The Forest roads were then but bridle paths, or trackways for the pack-horse; no fencing on either side; the narrow list of trodden ground running centrally between wide borderings of grass-grown sward; so that the traveller, if a horseman, had the choice of soft turf for the hoofs of his roadster. Only on the main routes between the larger towns, and those going outward, was there much traffic. The bye-roads had all the character of green lanes, narrow, but now and then debouching into glades, and openings of larger area, where the small Forest sheep—progeny of the Welsh mountaineers—browsed upon pasture, spare and close-cropped, in the companionship of donkeys, and perchance a deer, or it might be a dozen, moving among them in amiable association. The sheep and the donkeys are there still, but the deer, alas! are gone. Many birds that built their nests in the Forest trees, or soared above, are there no more. The eagle makes not now its eyrie in the Coldwell Rocks or soars over Symonds’ Yat; even the osprey is but rarely seen pursuing its finny prey in the lower waters of either Wye or Severn. Still, the falconidae are to this day represented in the Forest district by numerous species, by the kite and kestrel; the buzzard, Common, Rough-legged, and Honey; by the goshawk and sparrow-hawk; the hobby and harriers; and if last, not least, in estimation, the graceful diminutive merlin.

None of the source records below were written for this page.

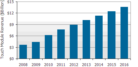 根據DisplaySearch最新出版2010觸控麵板市場分析報告指出2009年全球觸控麵板產值達43億美元,估計2016年將成長到140億美元,年複合成長率達18%。
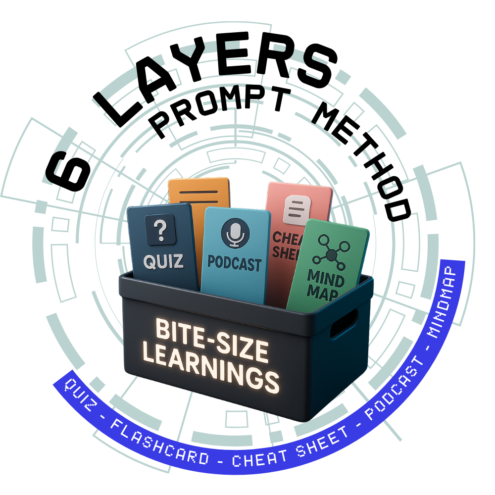 Unlock the power of AI prompts—fast. The 6-Layer Prompt Method Bite-Sized Learning Bundle gives you everything you need to master prompt writing in minutes a day. With easy-to-use tools like quizzes, flashcards, mindmaps, and more, you’ll learn how to think and prompt like a pro, without the overwhelm. Perfect for busy learners who want real results, not just theory.
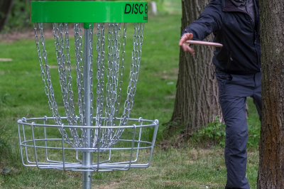 Disc golf is a sport whose popularity has grown over the last few years. With rules similar to traditional golf, players throw a disc from a tee-off area into a metal basket mounted in the ground. The object of the game is to complete each hole in the fewest number of throws.
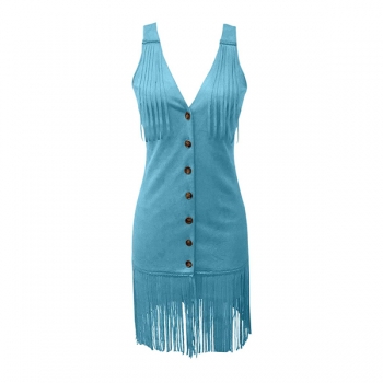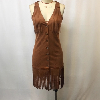 Damklänning i konstmocka med fransar – boho Western-miniklänning med tofsar och V-ringning
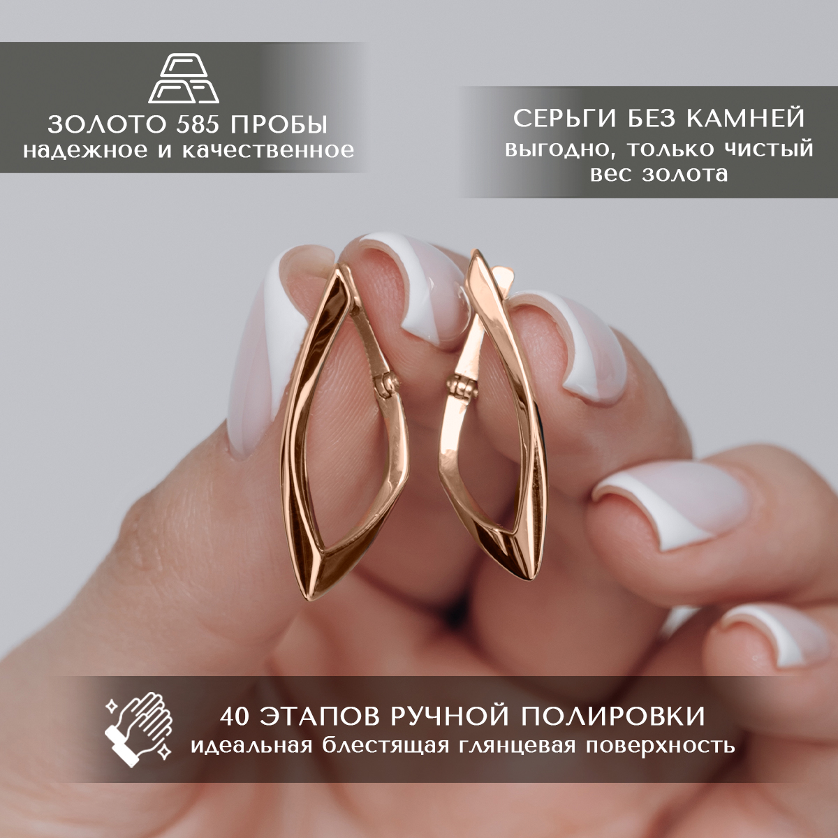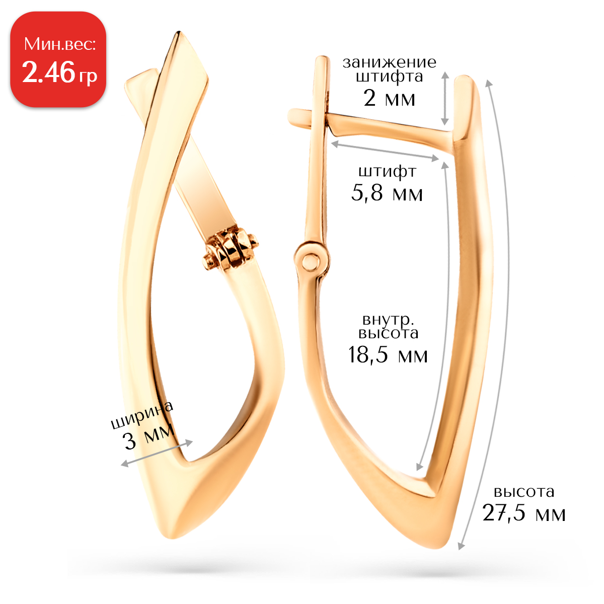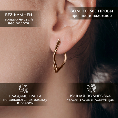 Оригинальные стильные серьги выполнены из красного золота 585 пробы

Birds of bright feathers, too, still flit through the Forest’s trees; the noisy jay, the gaudy, green woodpecker, and the two spotted species; with the kingfisher of cerulean hue; while its glades are gladdened by the sweet song of the thrush, the bolder lay of the blackbird; in springtide, the matchless melody of the nightingale—the joyous twittering of linnets and finches, mingling with the softer notes of the cushat and turtle-dove.

On that calm summer evening, when the clinking of swords on Mitcheldean-hill frightened the Forest birds, for a time stilling their voices, on another hill, some three miles distant from the scene of strife, the sweet songsters were being disturbed by intrusion upon their wild-wood domain. Not much disturbed, however, nor could the disturbers be justly characterised as intruders. Even the birds themselves might have been glad to see, and welcome among them, things of brightness and beauty far beyond their own. Women they were, or rather girls, both being under age—for there were but two of them. Sisters, moreover, though there was scarce a trait of resemblance to betray the relationship, either in features or complexion. She who seemed the elder was dark as a gipsy, the other a clear blonde, with hair showering over her shoulders, of hue as the beams of the sinking sun that shimmered upon it. For all, both were alike beautiful; in a different way, but unquestionably beautiful. And that they were sisters could be learnt by listening to their conversation: their names, also, as they addressed one another—that of the older, Sabrina; the younger, Vaga.

They could not be other than the pair of pretty birds spoken of by Sir Richard Walwyn; and, verily, he had not overrated them.